Paclite ist super. Kostet halt. 

Früher gabs bei http://www.outdoor-broker.de/ öfters mal welche von Berghaus im Angebot. Die sind gut.


----------



## beetle (24. August 2012)

Gibt gerade was. Allerdings halt kein kleines Packmaß.

http://www.outdoor-broker.de/berghaus-mera-peak-hardshell.html


----------



## garbel (24. August 2012)

Bei mir haben bis jetzt alle Membranen, die ich so anhatte, mehr oder weniger versagt - und ich bin kein Supermonsterschwitzer. Diverse von Gore und meine aktuelle Regenjacke aus Event-Membrane. In der Event steht die Suppe eben erst nach 30 Minuten und nicht nach 20 Minuten wie in den Gores.
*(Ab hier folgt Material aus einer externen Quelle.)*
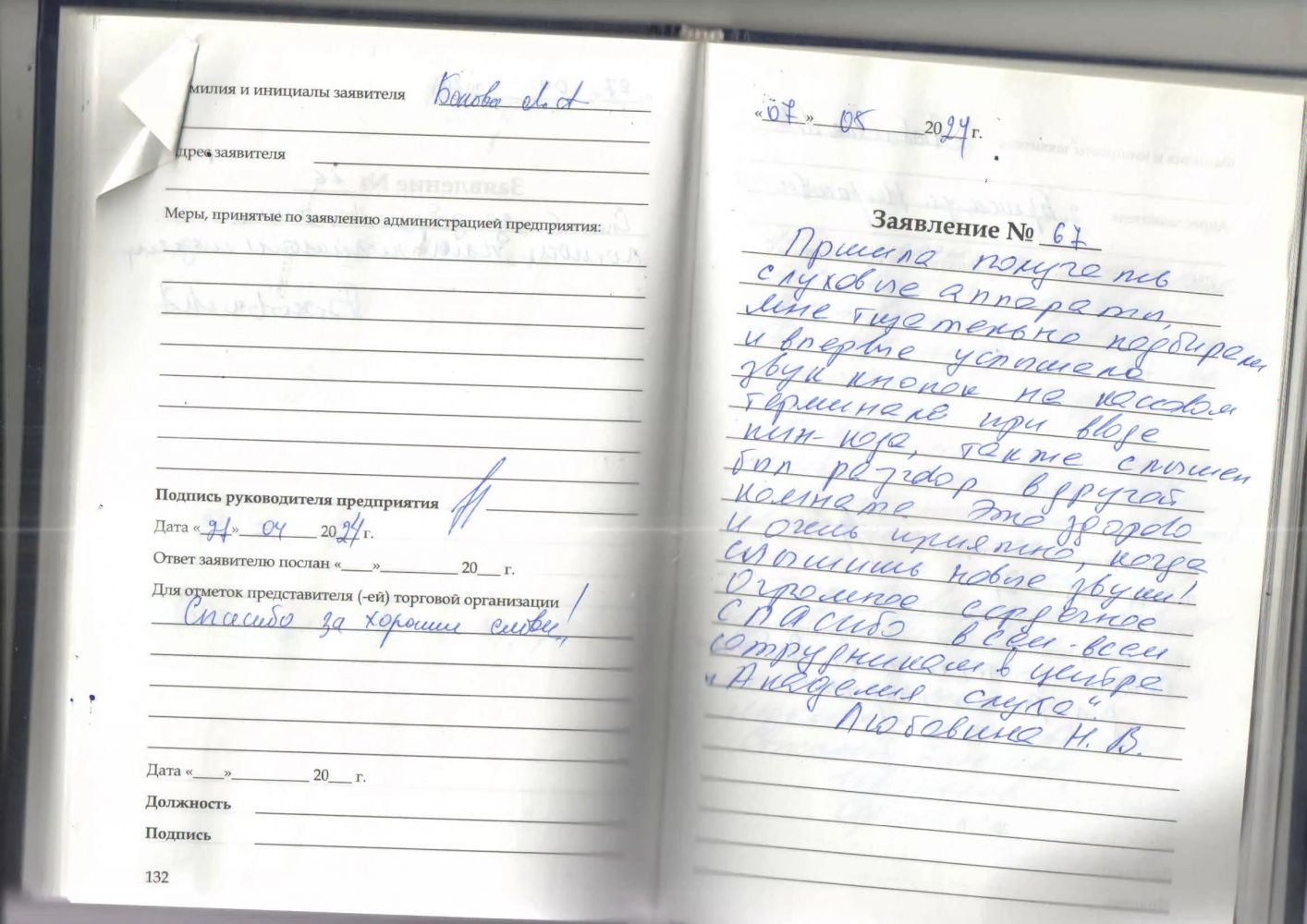 Благодарю коллектив слухопротезистов за внимание и хорошее обслуживание.

Gibt es denn immer noch keine Imprägnierung, an der Wasser dauerhaft abperlt, dann könnte man sich den ganzen Membranequatsch sparen. Die Evolution hat auch keine Membrane als Nässeschutz erfunden, von daher kann das wohl nicht der richtige Weg sein...


----------



## Yossarian (24. August 2012)

Hat sie nicht? Was ist dann deine Haut? Plastikfolie?
Jede deiner Zellen hat ne Membran.


----------



## Wolfgang-Staige (1. September 2012)

Ich möchte auch Mammut empfehlen. Absolut dicht.


----------